Le rapport va au-delà du seul bilan mortel. Selon Le Monde, les enfants de Gaza subissent également des blessures physiques et psychologiques graves, des traumatismes collectifs, des séparations familiales, des déplacements répétés, la famine et l'effondrement des systèmes éducatif et sanitaire. « Les blessures physiques et psychologiques graves, les traumatismes collectifs, l'orphelinage, la séparation, le handicap, les déplacements répétés, la famine et l'effondrement des systèmes éducatif et sanitaire ont anéanti l'enfance de ces enfants », détaille la commission dans les termes que rapporte le quotidien français.

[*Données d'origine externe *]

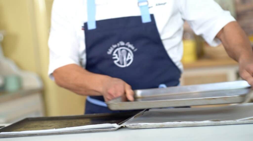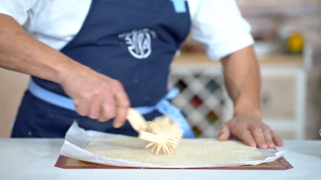 - For the bottom pastry sheet, prick it with a dough docker or a fork. Do not prick the 3 remaining puff pastry sheets.
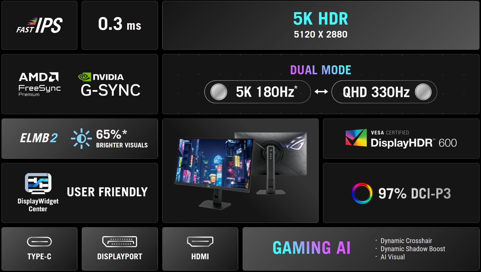 На официальном сайте Asus был замечен новый игровой мониторrOG Strix XG27JCG. Это двухрежимная модель, которая может переключаться между режимами 5K 180 Гц и QHD 180 Гц. Конечно, прежняя частота обновления при разрешении 5120x2880 пикселей действует только в разогнанном режиме, но это все равно впечатляющее число.
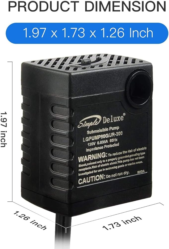 Specs Dimensions: 4.45*2.76*3.94inch. Max flow rate: 800 GPH (3000L/h), max lift height: up to 10 feet. Watt:24W; voltage:110-120V.
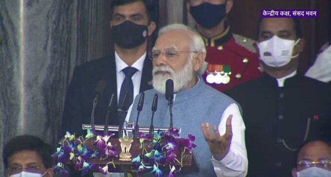 उन्होंने संबोधन की शुरुआत करते हुए कहा आज का दिवस बाबासाहेब अम्बेडकर, डॉ राजेन्द्र प्रसाद जैसे दुरंदेशी महानुभावों का नमन करने का है।आज का दिवस इस सदन को प्रणाम करने का है। आज 26/11 हमारे लिए एक ऐसा दुखद दिवस है, जब देश के दुश्मनों ने देश के भीतर आकर मुंबई में आतंकवादी घटना को अंजाम दिया। भारत के अनेक वीर जवानों ने आतंकवादियों से लोहा लेते-लेते अपने आप को समर्पित कर दिया। मैं आज 26/11 को उन सभी बलिदानियों को भी आदरपूर्वक नमन करता हूं।

Israël a fermement rejeté les conclusions. Selon France 24, qui cite le Jerusalem Post, l'armée israélienne affirme qu'au moins 40 % des personnes tuées à Gaza étaient des combattants du Hamas, et que ce dernier « a systématiquement utilisé des boucliers humains ». Le terme « enfants » est même mis entre guillemets par le quotidien israélien, qui souligne que la définition onusienne couvre toute personne de moins de 18 ans.
En France, la réception du rapport s'inscrit dans une période de tensions régionales plus larges. France 24 rappelle que les bombardements sur Gaza se poursuivent malgré la trêve conclue entre Israël et le Hamas. En Cisjordanie, un Palestinien de 29 ans a été tué le 24 juin lors d'un raid israélien à Al-Yamoun, selon Le Monde, qui cite le Croissant-Rouge palestinien : les secouristes ont été empêchés d'approcher la maison encerclée pendant plus d'une heure et demie avant d'entendre des tirs.
La qualification de « génocide » par un organe onusien constitue un seuil symbolique que la diplomatie française ne peut ignorer. Paris est signataire de la Convention pour la prévention et la répression du crime de génocide de 1948, et le Conseil d'État a reconnu la compétence de la Cour internationale de justice sur ces questions.